It helps Bambenek’s work that neo-Nazis lack the self-restraint not to publicly reveal themselves—for example, one recent transaction sent 0.001488 bitcoins (about $5.93 at the time) to the Daily Stormer. “1488” is a number that is used as a signal between neo-Nazis—“14” is for the white supremacist slogan known as “the fourteen words” (“We must secure the existence of our people and a future for white children”), and “88” is for “Heil Hitler.”

“These guys can’t help but identify themselves,” Bambenek said. “It surprises me they are such an odd combination of arrogance and incompetence.”

As of 2019, the online alt-right is less interested in bitcoin, said Daniel Harper, a researcher for the podcast I Don’t Speak German, which covers the online alt-right and white nationalist sphere. Aside from being ridiculously traceable, bitcoin just isn’t a good payment network.

“Bitcoin was always a means to an end—it was a way of evading some of the scrutiny of pushing cash around,” Harper said.

The white nationalist podcast network, desperate for a funding channel after being cut off from the conventional financial system, strongly advocated bitcoin and cryptocurrencies in 2017. “There were a couple of guys who saw the Federal Reserve as inherently Jewish and inflating money. But they mainly just used it as a tool, more than an ideological commitment.”

Bitcoin also failed for the neo-Nazis as a funding channel, because cryptocurrency is still too hard to use. “Nobody would go to the effort to get a bitcoin wallet to give them the 10 bucks a month that they were more than happy to give them.” One neo-Nazi podcaster found a credit card processor that was fine with the content of his show but said he was untouchable for another reason: He was considered a money laundering risk because he dealt in cryptocurrency.

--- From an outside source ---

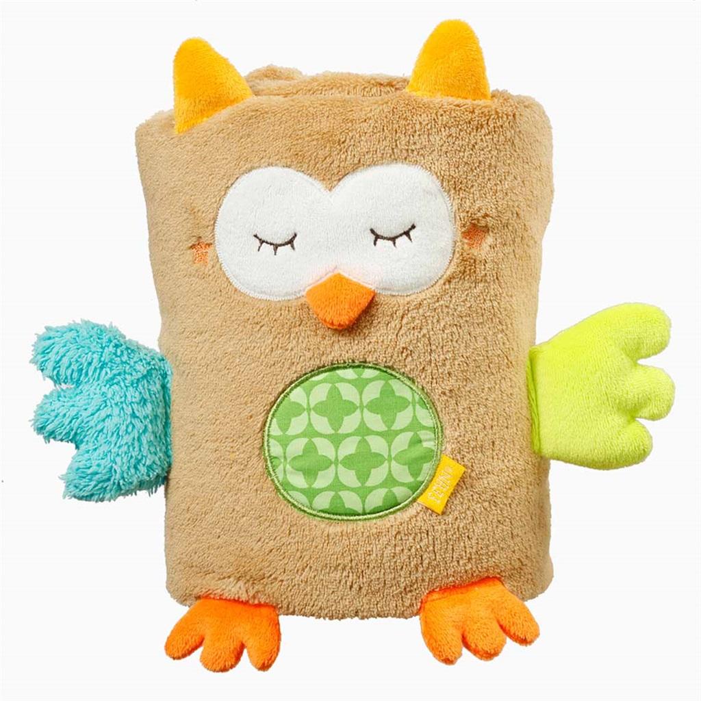 Delikatny w dotyku kocyk, śpiąca Sowa, z uszkami i skrzydełkami, do chwytania i tarmoszenia, będzie pełnił rolę najlepszego przyjaciela, pocieszyciela, bratniej duszy i opiekuna. Możne służyć jako przytulanka lub poduszeczka. Można go używać do owinięcia w wózku lub foteliku dziecięcym, jako podkładka do raczkowania, wkładka do kojca lub jako okrycie w łóżeczku. Twoje dziecko będzie czuć się komfortowo i bezpiecznie. Wykonany z najwyższej jakości materiału, dzięki dodatkowej zawleczce daje się złożyć w zgrabny pakunek, dzięki temu może być doskonałym towarzyszem w domu lub w podróży.
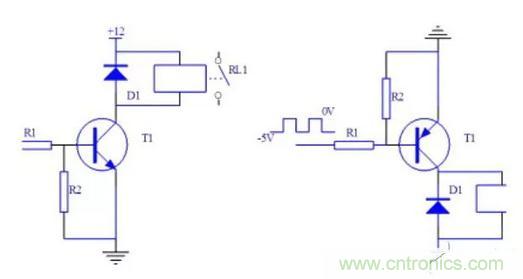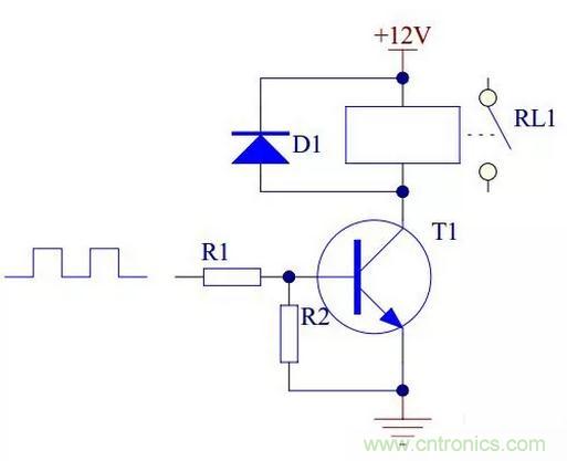電路中各元器件的作用:晶體管T1為控制開關;電阻R1主要起限流作用,降低晶體管T1功耗;電阻R2使晶體管T1可靠截止;二極管D1反向續(xù)流,為三極管由導通轉(zhuǎn)向關斷時為繼電器線圈中的提供泄放通路,并將其電壓箝位在+12V上。

In 2019, white nationalist podcasts barely mention bitcoin. “The numbers aren’t going up, so they’re not telling people to invest in it,” Harper said. “They all still have bitcoin wallets, so you can still donate to them by bitcoin—but it’s just not a big deal for them anymore.” For the Christchurch terrorist, dreams of being a cryptocurrency millionaire were probably just another cold joke.

David Gerard is the author of the book Attack of the 50 Foot Blockchain and the cryptocurrency and blockchain news blog of the same name. His new book is Libra Shrugged: How Facebook Tried to Take Over the Money.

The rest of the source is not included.